*Directions*.
Beginning at the line that contains "SRSSは、自動運転車にも使" and finishing at the line that contains "Respecto a las", output the data below exactly. Include both end lines and no pictures.

======== Exercise material ========

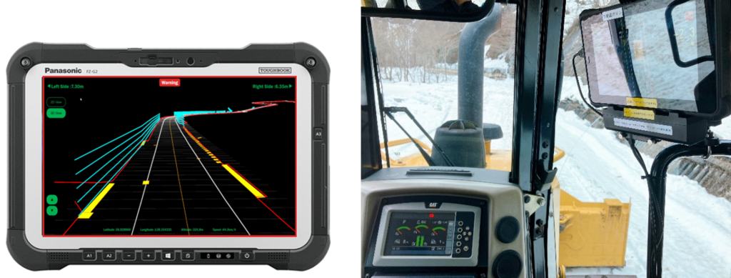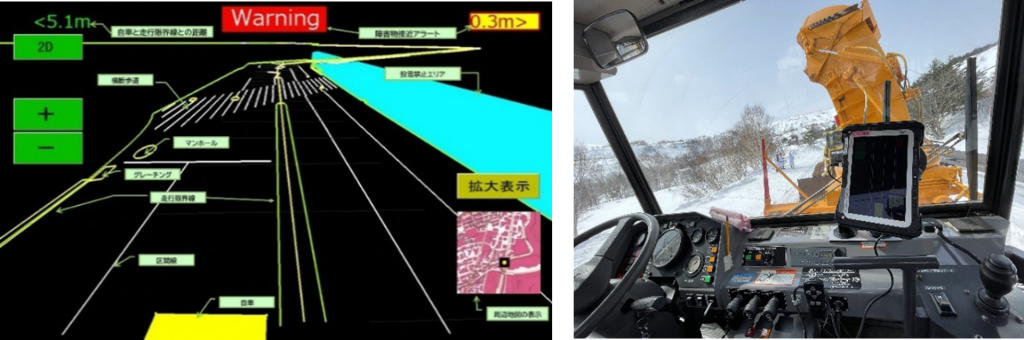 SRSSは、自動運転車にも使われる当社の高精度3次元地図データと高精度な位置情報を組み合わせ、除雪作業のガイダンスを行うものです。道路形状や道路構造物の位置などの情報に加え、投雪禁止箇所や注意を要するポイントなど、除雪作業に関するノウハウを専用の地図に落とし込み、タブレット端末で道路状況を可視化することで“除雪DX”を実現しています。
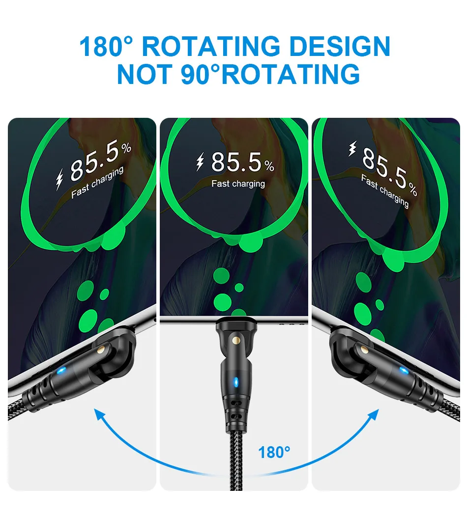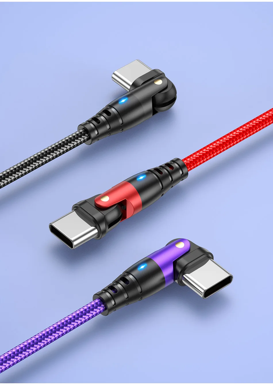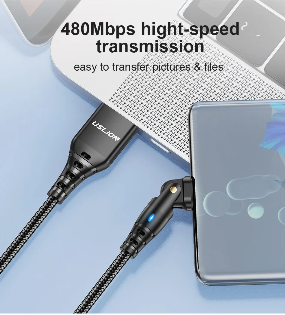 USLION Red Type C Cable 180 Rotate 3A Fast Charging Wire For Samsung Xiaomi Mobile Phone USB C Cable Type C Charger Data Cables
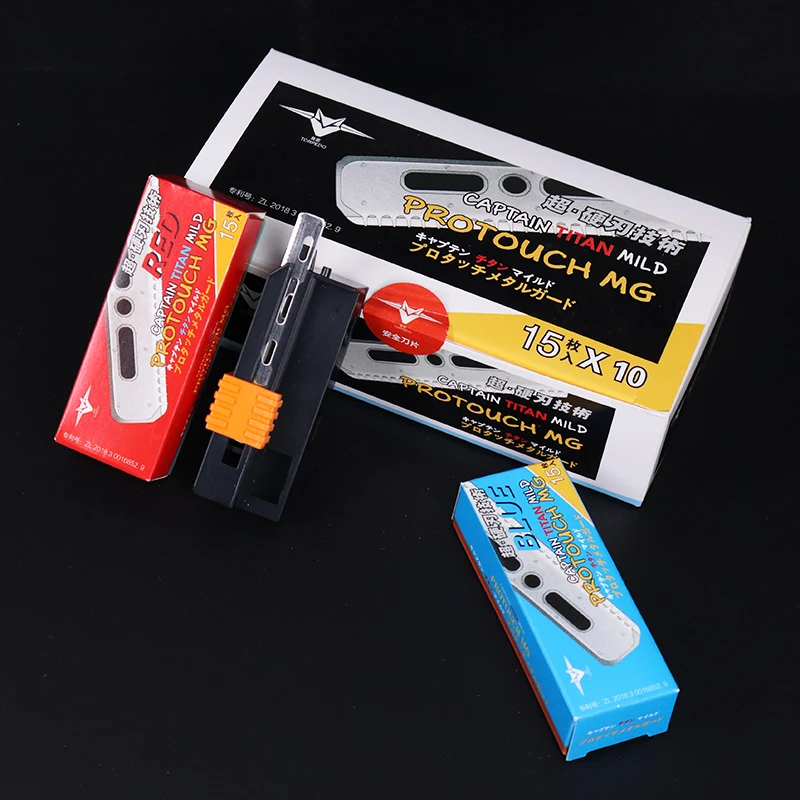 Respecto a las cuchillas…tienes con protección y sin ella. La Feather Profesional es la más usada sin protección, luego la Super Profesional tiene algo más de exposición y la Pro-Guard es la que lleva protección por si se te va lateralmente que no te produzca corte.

========
======== Exercise material ========

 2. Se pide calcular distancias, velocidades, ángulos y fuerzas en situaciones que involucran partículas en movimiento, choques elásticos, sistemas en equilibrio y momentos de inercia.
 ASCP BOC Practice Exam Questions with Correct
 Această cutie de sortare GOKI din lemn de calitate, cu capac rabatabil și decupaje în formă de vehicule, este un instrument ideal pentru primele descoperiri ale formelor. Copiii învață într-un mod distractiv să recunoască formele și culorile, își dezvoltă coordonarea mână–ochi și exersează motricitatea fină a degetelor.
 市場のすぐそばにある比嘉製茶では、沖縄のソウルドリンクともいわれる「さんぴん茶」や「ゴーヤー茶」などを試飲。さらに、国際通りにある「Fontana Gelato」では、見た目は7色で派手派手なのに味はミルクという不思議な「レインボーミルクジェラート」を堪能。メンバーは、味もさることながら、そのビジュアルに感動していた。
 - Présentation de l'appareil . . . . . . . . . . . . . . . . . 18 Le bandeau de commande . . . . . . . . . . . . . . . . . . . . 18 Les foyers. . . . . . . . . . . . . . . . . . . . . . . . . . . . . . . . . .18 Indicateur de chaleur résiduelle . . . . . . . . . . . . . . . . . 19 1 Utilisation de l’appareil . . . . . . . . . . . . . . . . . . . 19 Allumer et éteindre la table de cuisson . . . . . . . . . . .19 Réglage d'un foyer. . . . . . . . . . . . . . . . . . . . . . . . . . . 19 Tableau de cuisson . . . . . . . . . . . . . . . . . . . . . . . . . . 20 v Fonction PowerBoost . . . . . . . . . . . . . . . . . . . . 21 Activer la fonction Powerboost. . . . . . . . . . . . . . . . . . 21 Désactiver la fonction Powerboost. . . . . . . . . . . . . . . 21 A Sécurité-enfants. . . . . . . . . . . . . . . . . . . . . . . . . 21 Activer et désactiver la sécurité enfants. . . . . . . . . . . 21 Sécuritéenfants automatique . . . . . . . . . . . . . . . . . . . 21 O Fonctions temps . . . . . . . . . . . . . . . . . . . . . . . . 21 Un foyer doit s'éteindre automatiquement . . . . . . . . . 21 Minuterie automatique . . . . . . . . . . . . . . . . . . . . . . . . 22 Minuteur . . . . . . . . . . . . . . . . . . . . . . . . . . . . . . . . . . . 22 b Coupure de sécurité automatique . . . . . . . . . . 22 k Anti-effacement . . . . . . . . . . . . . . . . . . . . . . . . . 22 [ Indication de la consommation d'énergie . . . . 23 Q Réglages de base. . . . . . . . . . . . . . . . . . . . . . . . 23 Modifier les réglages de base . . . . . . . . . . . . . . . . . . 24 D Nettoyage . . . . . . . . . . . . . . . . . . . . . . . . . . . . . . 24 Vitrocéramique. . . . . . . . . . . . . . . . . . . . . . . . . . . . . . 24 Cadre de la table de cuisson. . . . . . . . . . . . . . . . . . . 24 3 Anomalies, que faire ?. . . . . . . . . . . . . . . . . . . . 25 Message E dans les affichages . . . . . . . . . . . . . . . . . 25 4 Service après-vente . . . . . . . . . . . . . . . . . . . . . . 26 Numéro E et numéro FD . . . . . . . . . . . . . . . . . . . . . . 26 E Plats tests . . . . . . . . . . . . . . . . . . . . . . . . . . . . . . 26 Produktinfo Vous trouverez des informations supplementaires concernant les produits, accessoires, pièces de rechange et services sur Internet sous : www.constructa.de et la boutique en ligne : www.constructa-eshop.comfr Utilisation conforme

========

*Answer space*.
 SRSSは、自動運転車にも使われる当社の高精度3次元地図データと高精度な位置情報を組み合わせ、除雪作業のガイダンスを行うものです。道路形状や道路構造物の位置などの情報に加え、投雪禁止箇所や注意を要するポイントなど、除雪作業に関するノウハウを専用の地図に落とし込み、タブレット端末で道路状況を可視化することで“除雪DX”を実現しています。
 USLION Red Type C Cable 180 Rotate 3A Fast Charging Wire For Samsung Xiaomi Mobile Phone USB C Cable Type C Charger Data Cables
 Respecto a las cuchillas…tienes con protección y sin ella. La Feather Profesional es la más usada sin protección, luego la Super Profesional tiene algo más de exposición y la Pro-Guard es la que lleva protección por si se te va lateralmente que no te produzca corte.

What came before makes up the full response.